▸ THE DATA:
- Opening Delimiter -
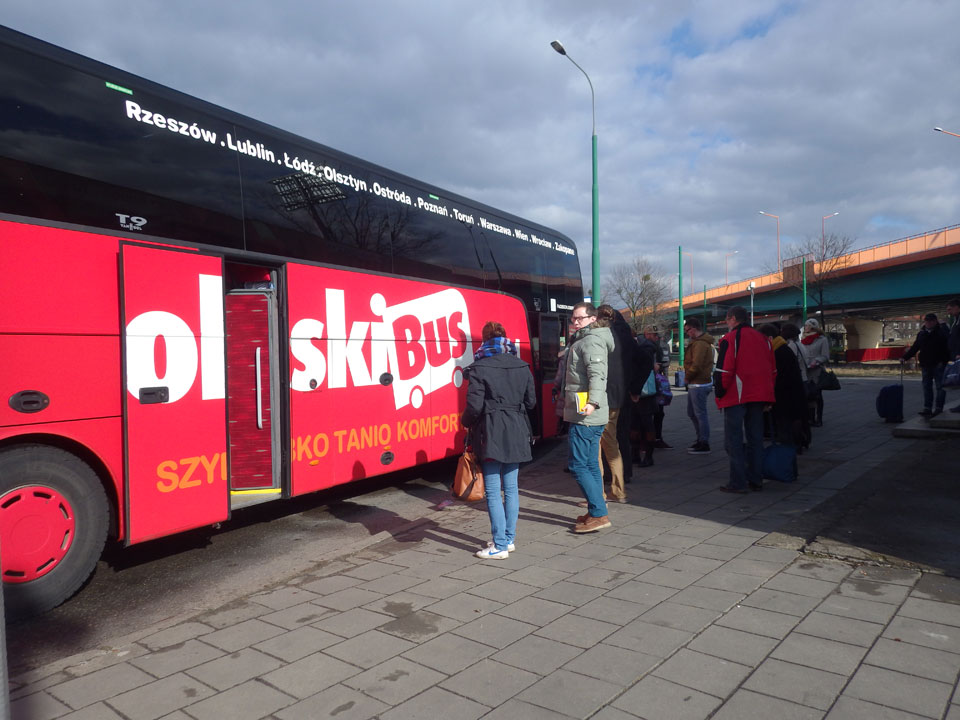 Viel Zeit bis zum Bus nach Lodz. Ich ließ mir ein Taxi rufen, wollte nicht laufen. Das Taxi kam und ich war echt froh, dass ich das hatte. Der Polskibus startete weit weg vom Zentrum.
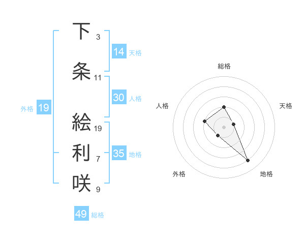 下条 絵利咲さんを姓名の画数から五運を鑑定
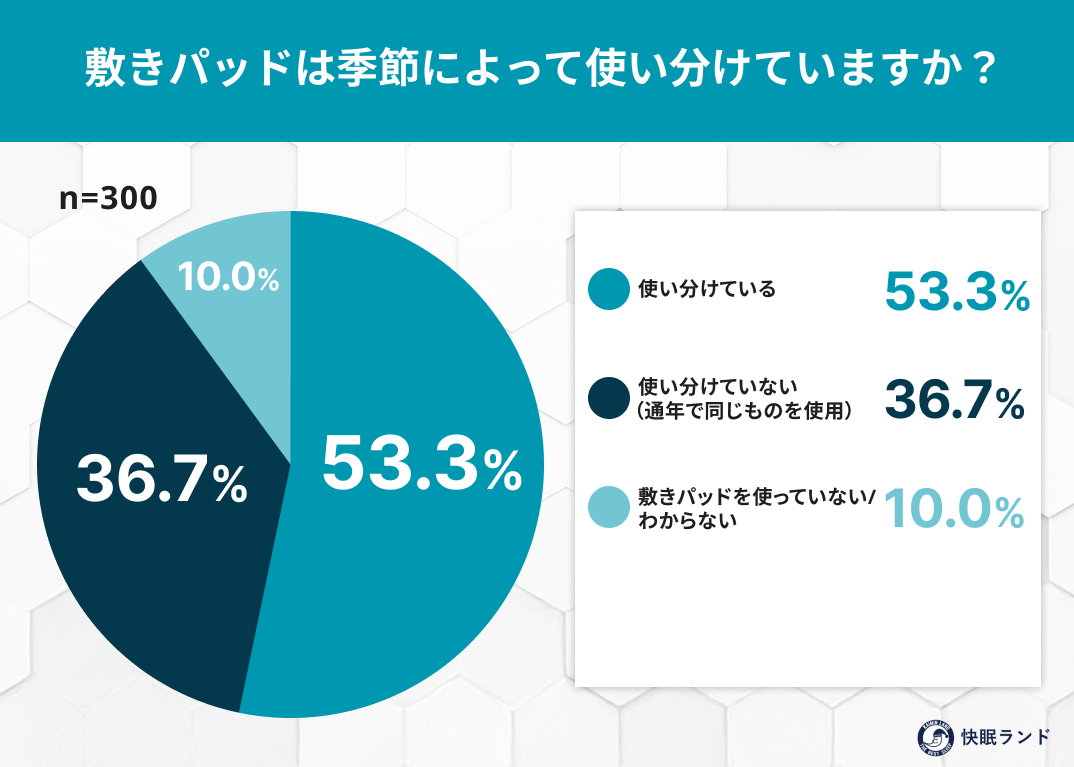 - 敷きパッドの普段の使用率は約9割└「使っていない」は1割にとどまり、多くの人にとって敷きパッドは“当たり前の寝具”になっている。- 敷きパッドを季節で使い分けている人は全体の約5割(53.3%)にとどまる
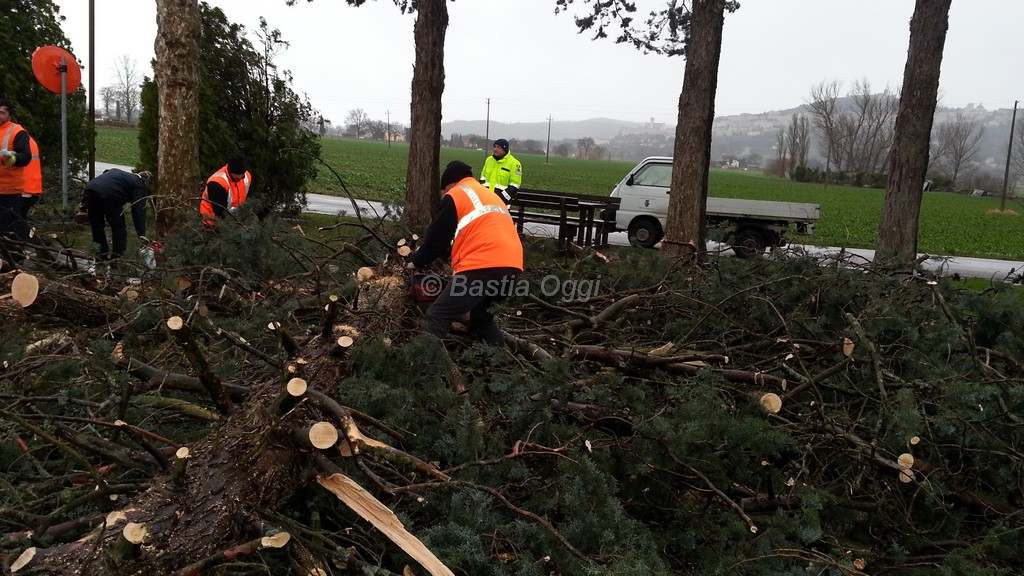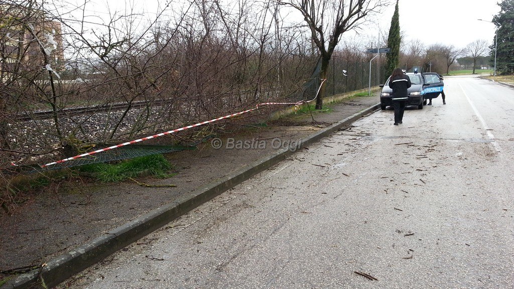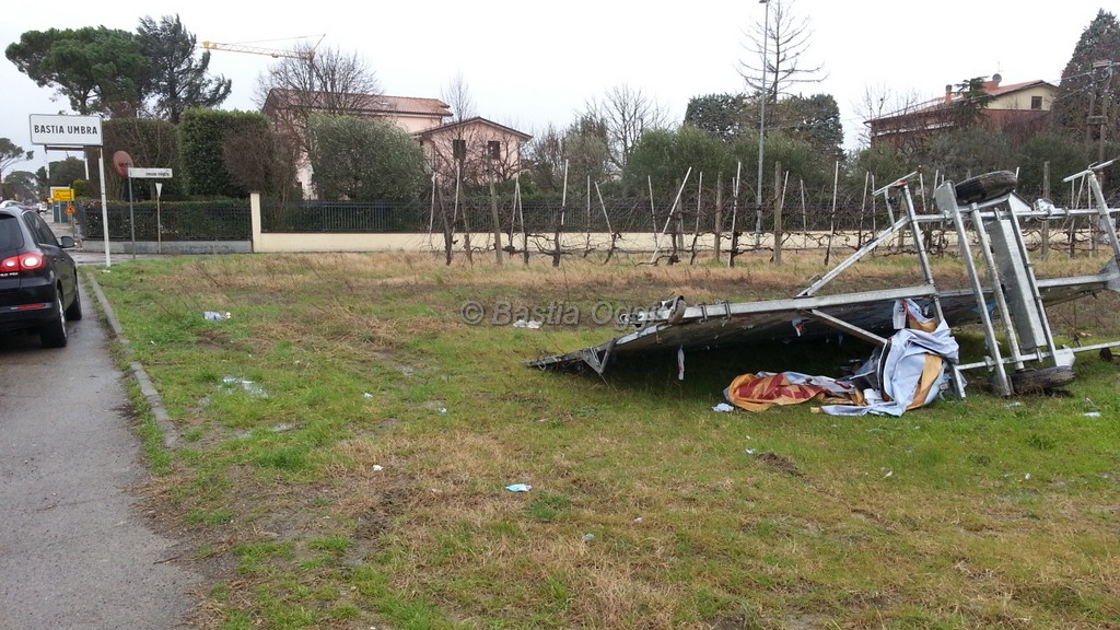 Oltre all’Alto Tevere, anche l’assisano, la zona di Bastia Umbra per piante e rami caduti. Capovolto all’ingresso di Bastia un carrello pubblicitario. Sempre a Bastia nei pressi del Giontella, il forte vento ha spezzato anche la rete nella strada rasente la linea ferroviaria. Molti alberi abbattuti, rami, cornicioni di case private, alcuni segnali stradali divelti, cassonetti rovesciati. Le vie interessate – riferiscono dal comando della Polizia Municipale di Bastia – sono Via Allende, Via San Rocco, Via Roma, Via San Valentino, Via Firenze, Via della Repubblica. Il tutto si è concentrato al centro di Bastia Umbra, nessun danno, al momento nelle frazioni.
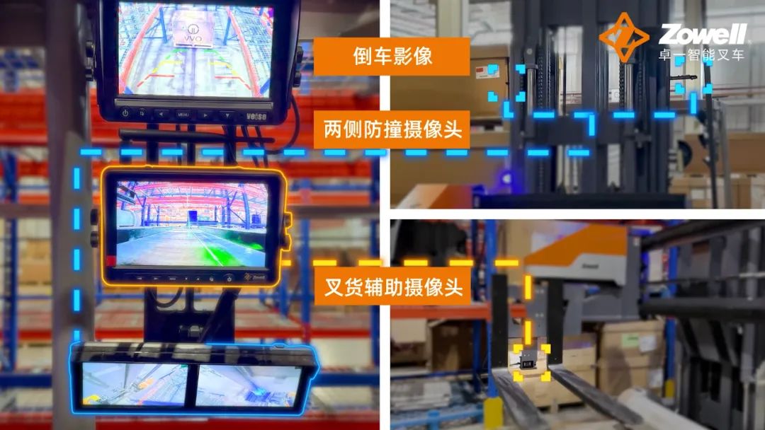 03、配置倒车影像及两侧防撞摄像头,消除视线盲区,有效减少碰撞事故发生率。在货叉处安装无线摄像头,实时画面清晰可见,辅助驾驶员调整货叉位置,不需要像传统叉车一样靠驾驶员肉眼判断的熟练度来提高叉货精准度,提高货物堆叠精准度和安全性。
- Closing Delimiter -
- Opening Delimiter -
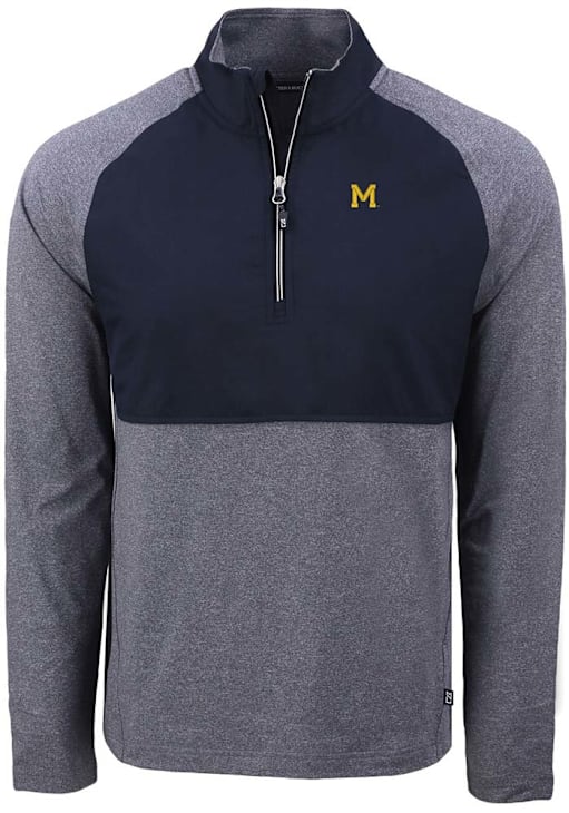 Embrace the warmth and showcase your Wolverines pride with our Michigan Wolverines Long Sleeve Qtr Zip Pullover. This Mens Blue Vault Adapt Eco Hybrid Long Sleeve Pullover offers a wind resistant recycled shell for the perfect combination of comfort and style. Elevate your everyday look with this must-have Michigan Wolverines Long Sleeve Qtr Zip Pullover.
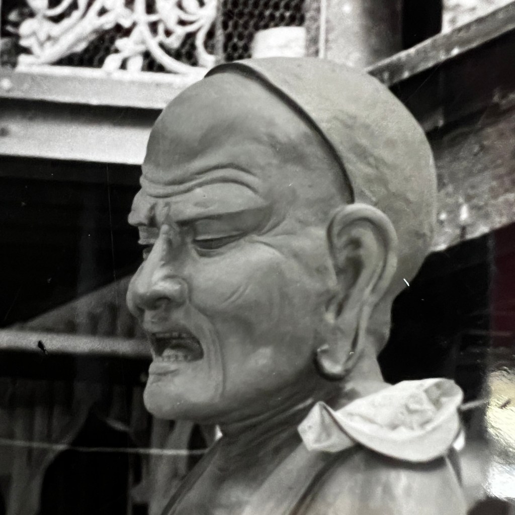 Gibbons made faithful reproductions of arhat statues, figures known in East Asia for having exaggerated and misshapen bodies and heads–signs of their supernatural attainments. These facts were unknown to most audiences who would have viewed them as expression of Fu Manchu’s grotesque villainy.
- Closing Delimiter -
▸ TASK INSTRUCTIONS: Only the lines above from the one with "Embrace the warmth" to the one with "Gibbons made faithful" should be printed, both included and exactly as written; no picture belongs in the copy.

▸ ANSWER BELOW:
 Embrace the warmth and showcase your Wolverines pride with our Michigan Wolverines Long Sleeve Qtr Zip Pullover. This Mens Blue Vault Adapt Eco Hybrid Long Sleeve Pullover offers a wind resistant recycled shell for the perfect combination of comfort and style. Elevate your everyday look with this must-have Michigan Wolverines Long Sleeve Qtr Zip Pullover.
 Gibbons made faithful reproductions of arhat statues, figures known in East Asia for having exaggerated and misshapen bodies and heads–signs of their supernatural attainments. These facts were unknown to most audiences who would have viewed them as expression of Fu Manchu’s grotesque villainy.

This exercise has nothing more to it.